91. The three-dimensional body surface area
Topic Link
Source: stay button (LeetCode)
link: https: //leetcode-cn.com/problems/surface-area-of-3d-shapes
Title Description
N * N on the grid, we put some cube 1 * 1 * 1.
Each value v = grid [i] [j] denotes the v cube superposed on the corresponding cell (i, j).

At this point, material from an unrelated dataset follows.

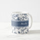 Add a touch of classic elegance to your home with this beautiful personalized ceramic mug. The design features a delicate blue and white pattern inspired by traditional Toile de Jouy fabric, adorned with botanical branches and subtle geometric lace borders. The central band offers space for complete customization. You can easily personalize this mug with a special date, a name, or a meaningful message, making it a wonderful housewarming, anniversary, or wedding gift.
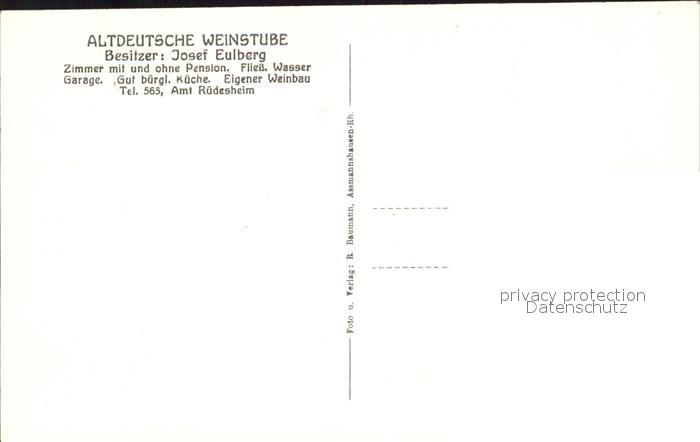 72095250 Assmannshausen Eulbergs Altdeutsche Weinstube postalisch nicht gelaufen Erhaltung siehe scans KatCode: 11110006439013

Please return to the final body surface area.
Example 1:
Input: [[2]]
Output: 10
Example 2:
Input: [[1,2], [3,4]]
Output: 34
Example 3:
Input: [[1,0], [0,2]]
Output: 16
Example 4:
Input: [[1,1,1], [1,0,1], [1,1,1]]
Output: 32
Example 5:
Input: [[2,2,2], [2,1,2], [2,2,2]]
Output: 46
prompt:
1 <= N <= 50
0 <= grid[i][j] <= 50
Heavy and difficult
- Read the title.
- Considering the bonding surface.
Topic analysis
- Reading problems, Analysis Example 1: (0,0) position has two cubes together, so that a surface area of 2 * 4 + 2 = 10;
- Reading problems, Analysis Example 2: There is a cube (0,0) position, together with a two cubes (0,1) position, there are three in the (1,0) position cubes together, together with four cubes at location (1,1) is on.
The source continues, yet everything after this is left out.